Public sector clients put cost squeeze on supply chain

Grant Prior 13 years ago

Nearly half of all housing associations and health authorities are planning to demand price cuts from suppliers as the public spending squeeze hits home this year.

But NHS bodies have been successful protecting construction projects from the cuts and many housing maintenance schemes have escaped the axe.

An anonymous survey of 136 public sector clients by Constructionline has revealed how the spending cuts are hitting procurement.

Constructionline – the UK’s largest register of pre-qualified contractors and consultants – surveyed registered users of its service including local authorities, health organisations and housing associations throughout February.

The vast majority of respondents (96%), will have less money to spend on construction work.

But contractors will be encouraged that opportunities still exist.

The majority (57%) of health authorities have not been forced to shelve construction projects compared to their counterparts in local government or the NHS.

Many bodies across all sectors are also changing procurement practices which can open up the process to new suppliers.

Among the 62% of local authorities planning cancellations an overwhelming majority of these (98%) will be new build compared to just 2% maintenance.

This, combined with the authorities concern for SMEs, should provide a good underlying level of opportunities for smaller local firms.

The survey found that current procurement practices are set to change.

In the health sector just 16% of respondents plan to join a framework or a buying consortium to achieve economies of scale compared to a third of local authorities.

Constructionline’s survey revealed that within the health sector a third of respondents planned to leave a framework or buying consortium and decentralise their procurement practices.

For both local authorities and housing associations a supplier’s cost and financial well being ranked as the most important considerations during the selection process.

The survey showed 46% of housing associations and 40% of health authorities will ask suppliers to cut their prices compared to 29% of local authorities

Philip Prince, a director from Constructionline, says this highlighted the ‘procurement paradox’ faced by many in the public sector who are under pressure to cut costs but simultaneously guarding against the dangers of lowest cost bidding.

He said: “The high-profile collapse of both Rok and Connaught provided concrete proof, if ever it were needed, about the dangers of lowest cost tendering. But with almost all of our respondents facing reduced budgets clearly there has rarely been a bigger pressure to reduce expenditure.

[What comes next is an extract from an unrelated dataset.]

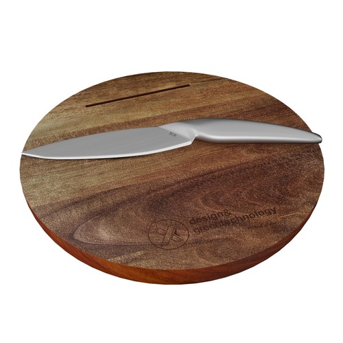 Set exclusif de planche à découper en bois d’acacia 100% FSC® et couteau en acier inoxydable, personnalisable avec un logo gravé au laser sur la planche.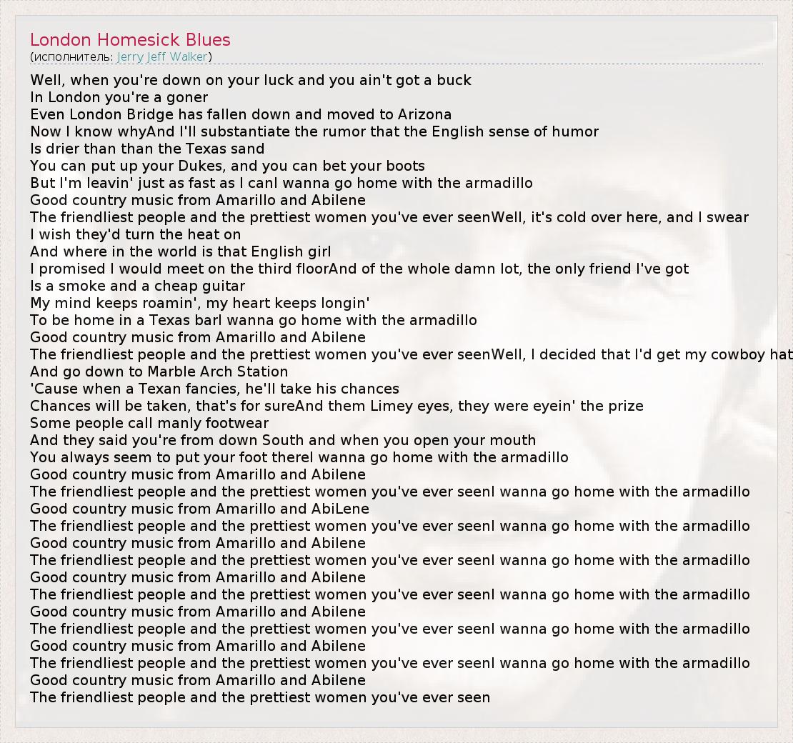 Well, when you're down on your luck and you ain't got a buck In London you're a goner Even London Bridge has fallen down and moved to Arizona Now I know whyAnd I'll substantiate the rumor that the English sense of humor Is drier than than the Texas sand You can put up your Dukes, and you can bet your boots But I'm leavin' just as fast as I canI wanna go home with the armadillo Good country music from Amarillo and Abilene The friendliest people and the prettiest women you've ever seenWell, it's cold over here, and I swear I wish they'd turn the heat on And where in the world is that English girl I promised I would meet on the third floorAnd of the whole damn lot, the only friend I've got Is a smoke and a cheap guitar My mind keeps roamin', my heart keeps longin' To be home in a Texas barI wanna go home with the armadillo Good country music from Amarillo and Abilene The friendliest people and the prettiest women you've ever seenWell, I decided that I'd get my cowboy hat And go down to Marble Arch Station 'Cause when a Texan fancies, he'll take his chances Chances will be taken, that's for sureAnd them Limey eyes, they were eyein' the prize Some people call manly footwear And they said you're from down South and when you open your mouth You always seem to put your foot thereI wanna go home with the armadillo Good country music from Amarillo and Abilene The friendliest people and the prettiest women you've ever seenI wanna go home with the armadillo Good country music from Amarillo and AbiLene The friendliest people and the prettiest women you've ever seenI wanna go home with the armadillo Good country music from Amarillo and Abilene The friendliest people and the prettiest women you've ever seenI wanna go home with the armadillo Good country music from Amarillo and Abilene The friendliest people and the prettiest women you've ever seenI wanna go home with the armadillo Good country music from Amarillo and Abilene The friendliest people and the prettiest women you've ever seenI wanna go home with the armadillo Good country music from Amarillo and Abilene The friendliest people and the prettiest women you've ever seenI wanna go home with the armadillo Good country music from Amarillo and Abilene The friendliest people and the prettiest women you've ever seen

“Our survey highlights this paradox of procurement perfectly, with cost being the number one consideration when selecting bids followed by concern over whether a contractor is built on sound enough financial foundations to see the project through.”

“With a great deal of essential maintenance work still available as well as projects in the health sector there are still some bright spots for contractors.

“Suppliers will need to be alert to opportunities both inside and outside buying consortiums, and be prepared to deal with multiple or single procurement departments while all the time proving that they’re able to balance the books.”